Start of Block
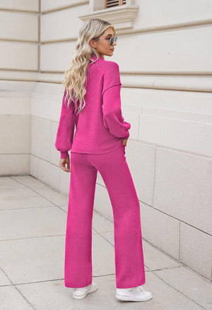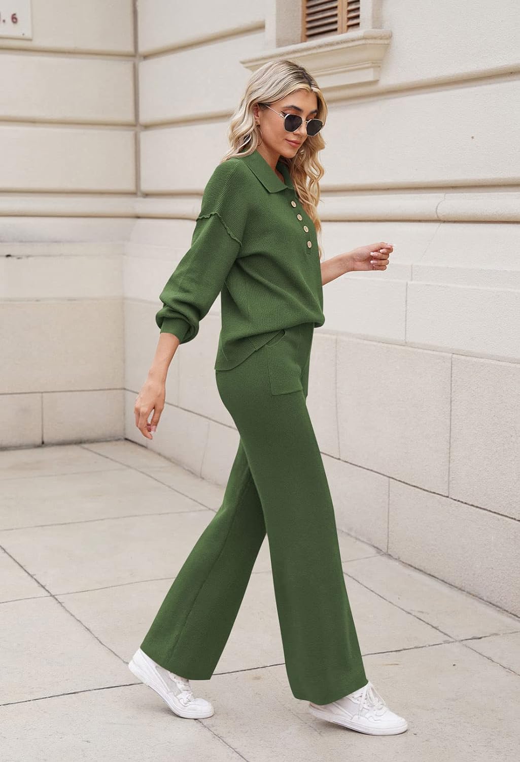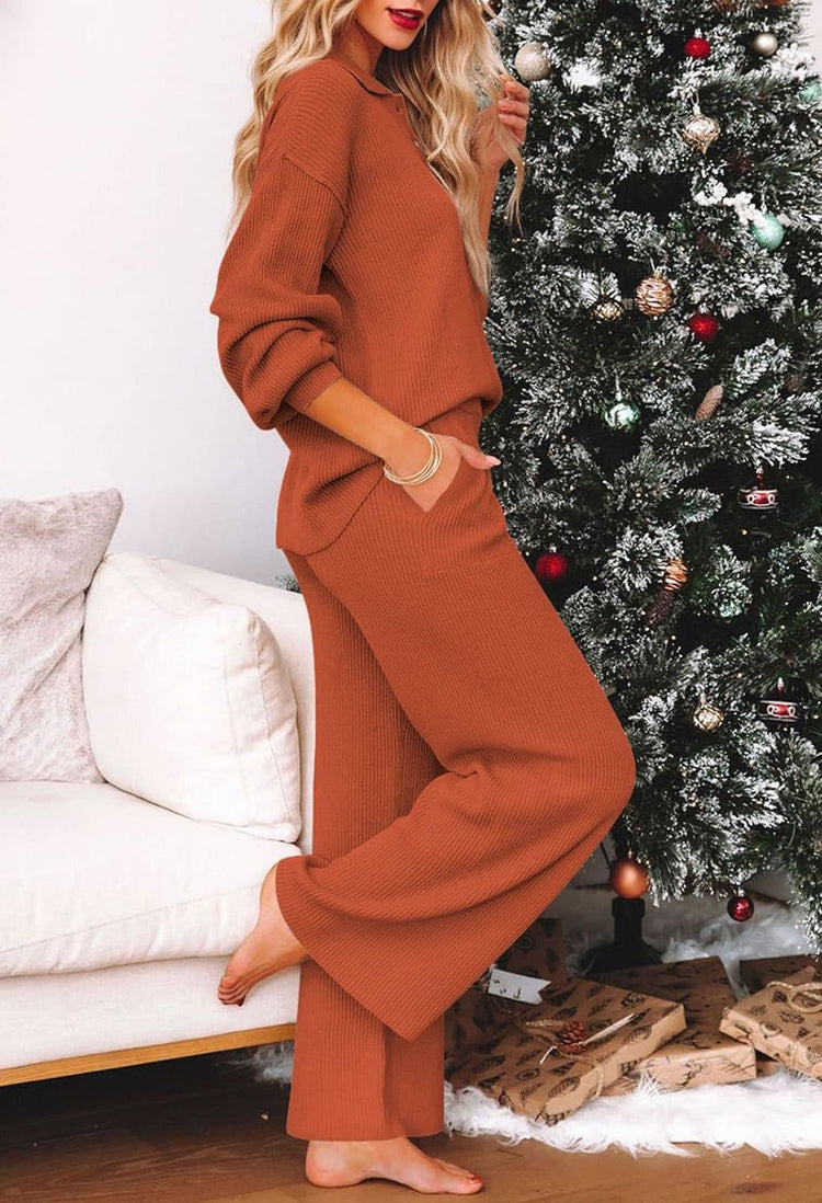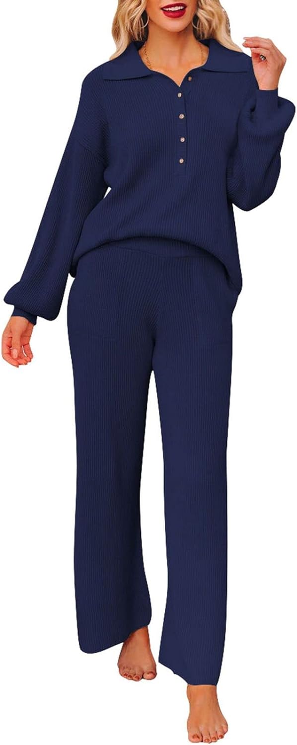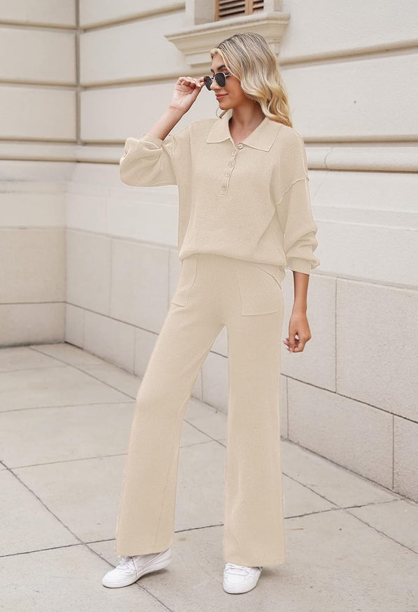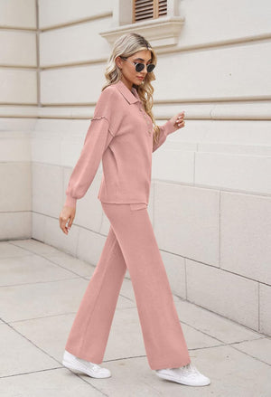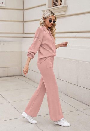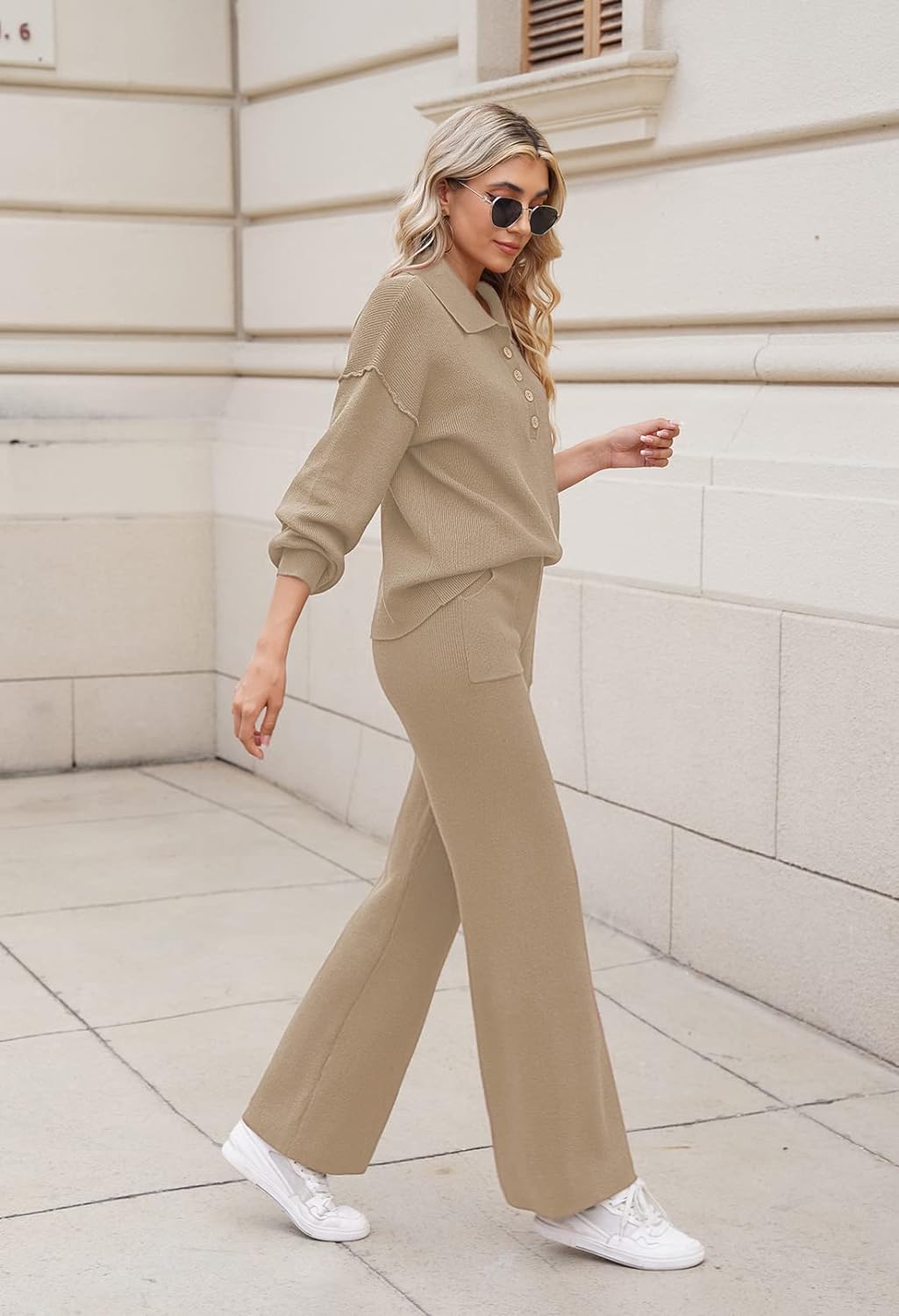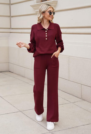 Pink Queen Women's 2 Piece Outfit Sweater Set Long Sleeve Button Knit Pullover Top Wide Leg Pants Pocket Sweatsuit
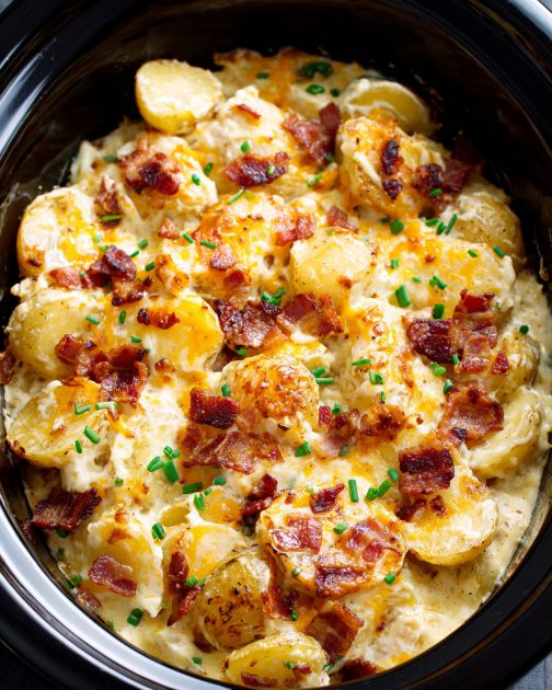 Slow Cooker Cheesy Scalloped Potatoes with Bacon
End of Block
Start of Block
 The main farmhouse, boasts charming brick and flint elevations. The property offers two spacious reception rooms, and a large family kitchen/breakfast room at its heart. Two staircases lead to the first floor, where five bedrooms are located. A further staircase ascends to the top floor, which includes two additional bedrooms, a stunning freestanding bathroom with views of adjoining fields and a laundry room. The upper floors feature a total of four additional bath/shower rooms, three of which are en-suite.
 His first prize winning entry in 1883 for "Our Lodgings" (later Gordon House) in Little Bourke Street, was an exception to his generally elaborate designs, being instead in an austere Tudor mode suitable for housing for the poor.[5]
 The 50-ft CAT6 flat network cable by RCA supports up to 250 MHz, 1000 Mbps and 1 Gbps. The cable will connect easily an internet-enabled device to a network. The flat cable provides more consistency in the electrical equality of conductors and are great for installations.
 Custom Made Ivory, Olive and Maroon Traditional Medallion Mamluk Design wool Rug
End of Block
#### ASSIGNED TASK:
Reproduce the data above exactly, but only from the line containing "Pink Queen Women's" through the line containing "Slow Cooker Cheesy"; skip the pictures.

#### RESULT:
 Pink Queen Women's 2 Piece Outfit Sweater Set Long Sleeve Button Knit Pullover Top Wide Leg Pants Pocket Sweatsuit
 Slow Cooker Cheesy Scalloped Potatoes with Bacon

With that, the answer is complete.